Apr. 21st, 2009

daddytodd: (Default)
I wrote this in response to this post from [info]furr_a_bruin. It's the most I've written in LJ in months, so I'm gonna repost it in my own LJ.

You'll need to read Furr's post to make sense of mine...


Pocket Books has been doing -- and continues to do -- pretty much EXACTLY what you ask for.

In the "present day" of the Trek Novelverse, it's mid 2381, 18 months or so after Nemesis. Riker & Troi are off on the Titan, exploring far out beyond the Federation. Picard, Crusher, Worf and LaForge are cleaning up in the Alpha Quadrant following the events of the "Destiny" trilogy, a multi-series crossover published at the end of last year. The Voyager novels were essentially just relaunched, with the ship undertaking a new mission, back to the Delta Quadrant to investigate the fate of the Borg in the wake of "Destiny."

Deep Space Nine is still a few years behind, in 2377, in the process of examining what happened to the shapeshifters (and the rest of the Dominion) following the Dominion War.

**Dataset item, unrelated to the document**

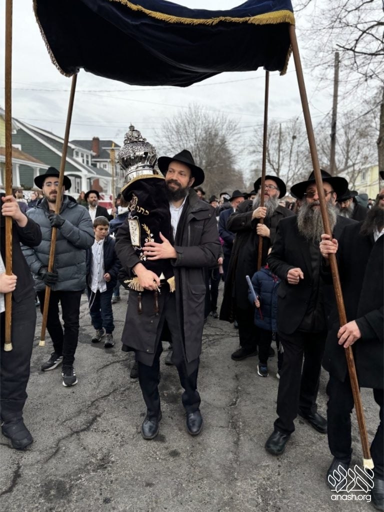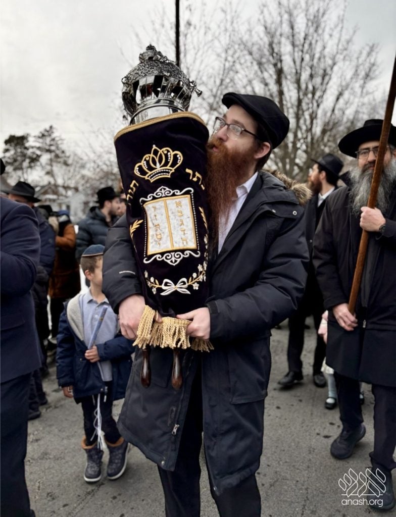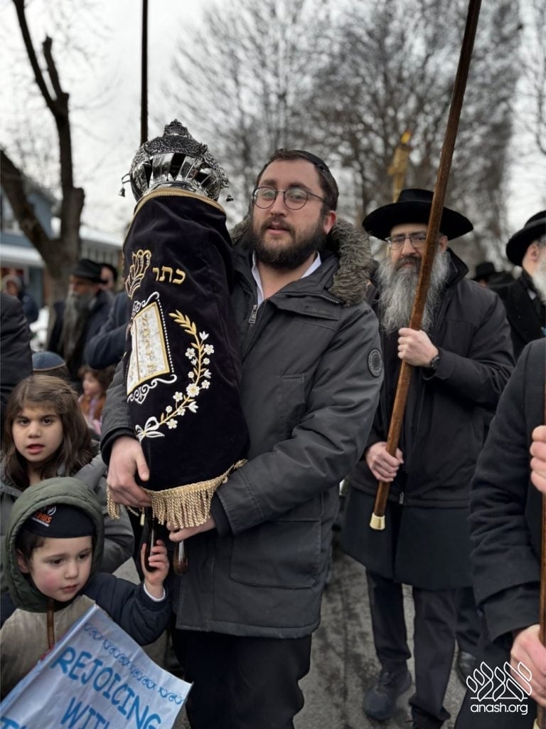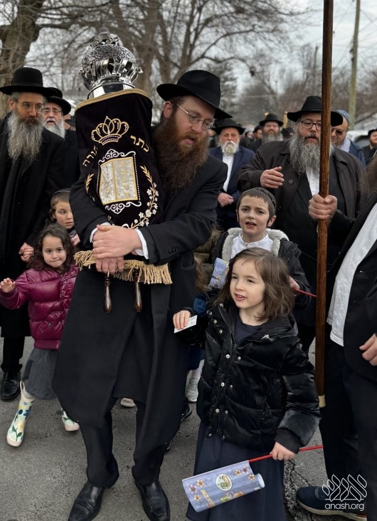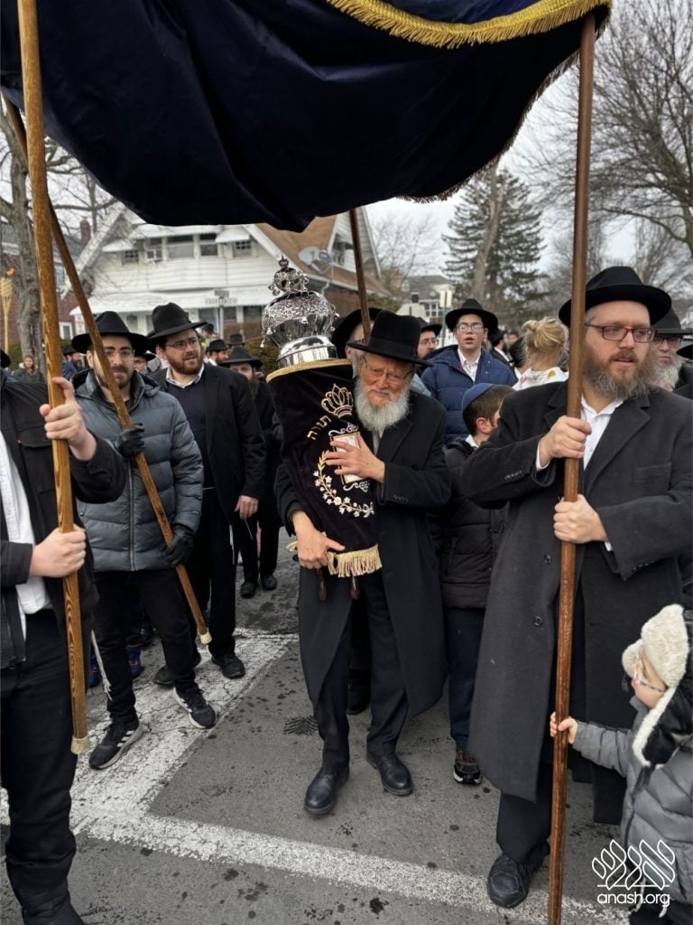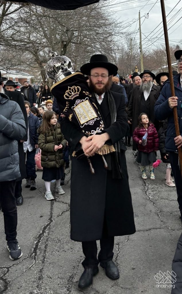 The final letters were written in the Zirkind home, where the project had taken place over the years. From there, the community marched in a grand parade with torches, pekelach, and music by R’ Dovid Altein to the Beis Moshe shul.

Hollywood is convinced a $100 million dollar movie has to dumb it down to attract the prime movie-going audience -- middle schoolers. The sad fact is, J.J. didn't make the new movie for me. He made it for the kids. OK, fine. It may be great, it may blow monkey chunks. I won't know until I see it.

I remember what a bitter disappointment TMP was upon its premiere in 1979 -- and now, I consider it one of the best (certainly the most ambitious) of the TOS films. Who knows? Even if I dislike JJTrek upon its release, I may grow into it later.

But what I'm hoping it will do is reinvigorate interest in the franchise. Sales of the novels have apparently been declining for years -- and novels are where the interesting Star Trek stories are happening these days.

They've already cut back from a program that published 2 or 3 paperbacks a month, plus an original "e-book," plus 2 or 3 hardcovers a year, plus 2 or 3 trade paperback anthologies a year. And that was just the fiction; they used to publish 3 or 4 big "non fiction" coffee table titles a year as well, such as "The Art of Star Trek" and "the Star Trek Encyclopedia."

They're now publishing 1 paperback a month, maybe 2 trade paperback "event" novels (which used to be hardcovers) a year, and the occasional trade paper anthology. The "non fiction" and "e-book" lines are entirely dead. Without something to inject interest in all things Star Trek, further cutbacks seem inevitable. I'm hoping the movie will prevent that -- bring in some kids as new fans to replace my cohort of sad old bitter-enders, clinging to the faded glory of a franchise in terminal decline.

JJ may make all the wrong moves -- or he may be as big a genius as Nick Meyer, and resuscitate the franchise again. We won't know for a few more weeks yet.